Nem mesmo o feriado do Carnaval fez com que as obras parassem no Distrito Federal. Nesta segunda-feira (28), locais como a Avenida Paranoá, os viadutos do Setor Policial e o Túnel de Taguatinga receberam mãos de obra o dia inteiro. Isso tudo tanto para seguir o cronograma estabelecido quanto para aproveitar a trégua dada pela chuva, que atrapalha o andamento das reformas e construções.

De acordo com o secretário de Obras, Luciano Carvalho, “nosso principal objetivo para 2022 é concluir todas as obras em andamento. Para isso, não podemos perder tempo. Máquinas e operários de nossas contratadas estão em ação, mesmo durante o feriado de Carnaval. Temos que aproveitar cada segundo sem chuva para evoluir com os serviços”, avisou.

A secretária-executiva de Obras, Janaina Chagas, também explicou a necessidade de trabalhar durante o feriado. “Fevereiro foi um mês muito chuvoso. Nossas obras em andamento foram bastante afetadas. O ritmo, infelizmente, acaba ficando mais lento e a população tem a impressão de que a obra parou. É importante destacar que o planejamento das obras é feito com base no clima de Brasília, com suas estações chuvosas e secas.”

 

A gerente de loja Somália Vieira considera que os benefícios dos comerciantes e clientes serão muito bons quando as obras na Avenida Principal do Paranoá forem concluídas

No Paranoá, onde a Avenida Principal está sendo reformada desde o início desse mês, muitos trabalhadores estavam com a mão na massa. “Essa obra é de fundamental importância para a comunidade, pois vamos deixar tudo novinho. É uma demanda antiga da população, mas tem um pequeno transtorno com comerciantes do local, que reclamam que estamos atrapalhando o estacionamento deles. Porém, o local estava bem ruim. Para minimizar essa situação e aproveitar a estiagem, nós não paramos em nenhum dia do feriado”, diz o administrador regional, Sérgio Damasceno.

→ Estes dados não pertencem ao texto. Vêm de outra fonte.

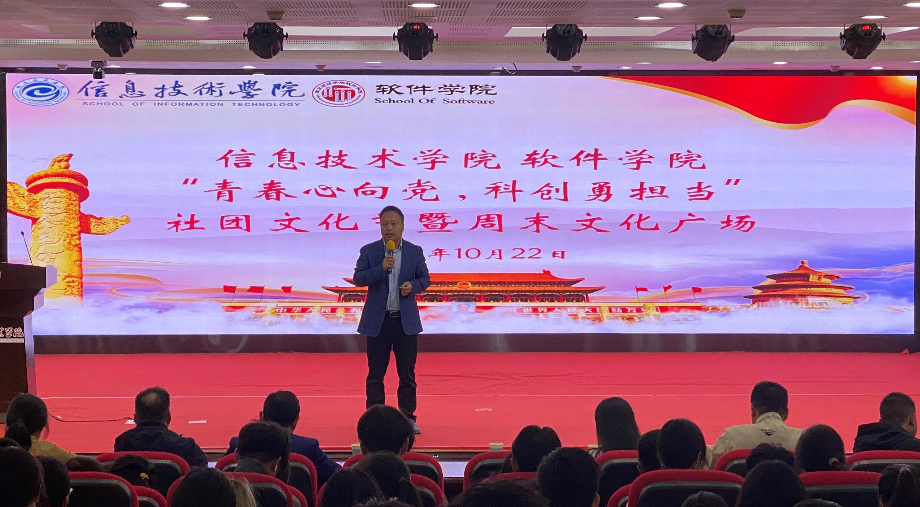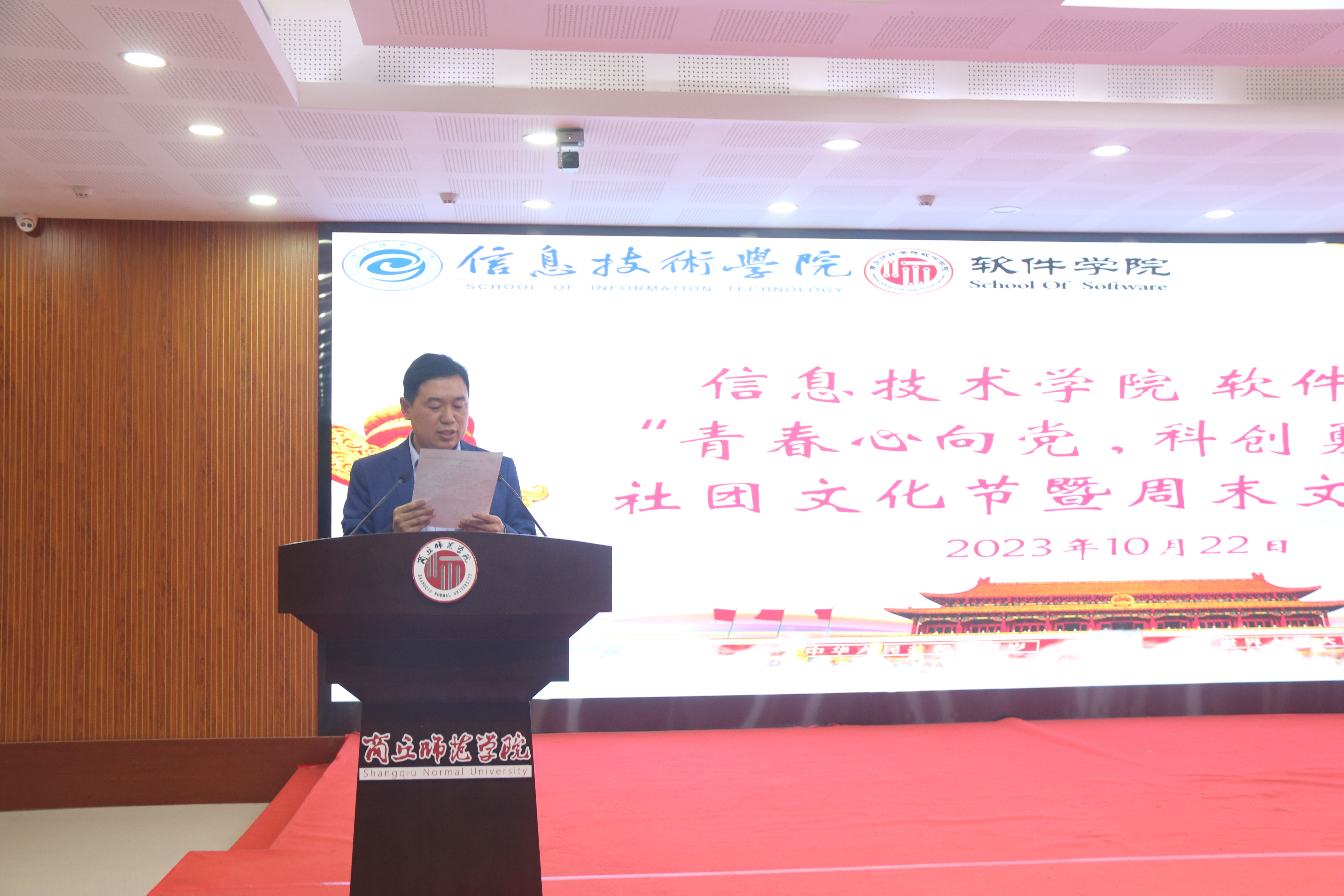 为进一步涵育优良学风,营造积极向上的学习氛围。10月22日晚,必威西汉姆联在梁园校区三商楼举办了以“青春心向党,科创勇担当”为主题的社团文化节暨周末文化广场活动。信息技术公司党委书记王国华、经理王春霞、副书记袁慧、副经理刘佳、各社团指导老师和两百余名员工代表参加了活动。本次社团文化节共分为两个环节,分别在145主会场和八个分会场进行。
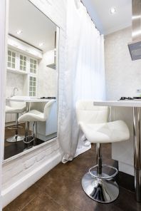 Отдельная изюминка нашей квартиры — это романтичная территория спальни (16 м.кв.), зонированная ударопрочным стеклом и молочно-белыми портьерами с гламурными нежными стразами))

“Nós, pedestres, não tínhamos lugar para passarmos. Toda obra desgasta, tem barulho, poeira, mas no final todo mundo fica satisfeito”, comenta a babá, moradora da região, Josiane Ribeiro

Gerente de loja, Somália Vieira, 41 anos, entende a importância da obra e pede paciência aos seus colegas comerciantes. “Com certeza, vai melhorar e todo mundo que reclama agora vai agradecer quando a obra estiver pronta. Teremos estacionamento e calçada de qualidade. Além disso, cadeirantes mal tinham como se locomover e vão passar a ter acessibilidade. Não podemos pensar só na nossa loja, mas nas pessoas como um todo.”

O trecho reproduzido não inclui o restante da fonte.